In Dept of Transportation v. Commn on Human Rights [full text pdf] (Connecticut 01/11/2005) an employee filed a complaint with the State's Commission on Human Rights and Opportunities, alleging race and national origin discrimination (failure to promote). The Commission found that the employer's two proffered legitimate non-discriminatory reasons were pretextual. The employer appealed to the trial court, which found that one of the employer's proffered reasons (the employee's failure to obtain a professional engineer's license) justified the employer's failure to promote. The trial court therefore rejected one of the Commission's two findings of pretext but sustained the other. The Connecticut Supreme Court reversed. Because the employee's failure to obtain a license was a non-pretextual legitimate non-discriminatory reason for the employer's decision not to promote the employee, the employer was entitled to judgment s a matter of law. The court agreed, and reversed.

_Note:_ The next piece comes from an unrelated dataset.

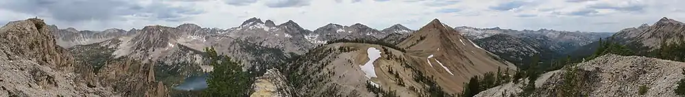 The northern Sawtooth Range formed from the Eocene Sawtooth batholith, while south of Alturas Lake the mountains formed from the Cretaceous granodiorite of the Idaho Batholith.[7][8] The Sawtooth Range has a history of alpine glaciation, but while no surface glaciers exist today, perennial snow fields and rock glaciers remain, usually on north or east facing slopes. There have been 202 perennial snow fields mapped in the Sawtooth Range.[9] The Sawtooth Range was last extensively glaciated in the Pleistocene, but glaciers probably existed during the Little Ice Age, which ended around 1850 AD.[10][11] Evidence of past glaciation given remnants of the glaciers such as glacial lakes, moraines, horns, hanging valleys, cirques, and arêtes.[10]

The trial court relied on Russell v. Acme-Evans Co., 51 F.3d 64 (7th Cir 1995), which stated "[t]here may be cases in which the multiple grounds offered by the [employer] for the adverse action of which the [complainant] complains are so intertwined, or the pretextual character of one of them so fishy and suspicious, that the [complainant] could [prevail]." The Supreme Court concluded that Russell was inapposite, however, since the employee's failure to obtain an engineering license was an "absolute bar to his promotion, and, therefore, served as an independent, nonpretextual reason for the department's decision not to promote him .... There is no likelihood of any interrelationship between any pretextual and nonpretextual reasons for the department's adverse employment decision."

This case is correct. And obviously so. Then why mention it in a blog? Well, there just happens to be a bit of confusion about how this works. Everyone can recite the formula from McDonnell Douglas: First the plaintiff-employee sets out a prima facie case (and here we'll omit the details), and that shifts the burden of production to the defendant-employer to show that it had a legitimate, non-discriminatory reason for its action. If both take place, then the burden (of production and persuasion) shifts back to the employee to show that the articulated reason was actually a pretext for race discrimination.

A bit of confusion arises when the employer has demonstrated two or more reasons. Does the plaintiff have to knock them all down? Usually the answer is yes. This is because if the employer has shown one non-pretextual reason for its action, then the employer has shown that it had a legitimate reason. Plaintiffs should demand that the employer demonstrate that the same decision would have been made in any event. See Desert Palace v. Costa [full text] (US Supreme Court 06/09/2003). That might be a bit harder for the employer to prove.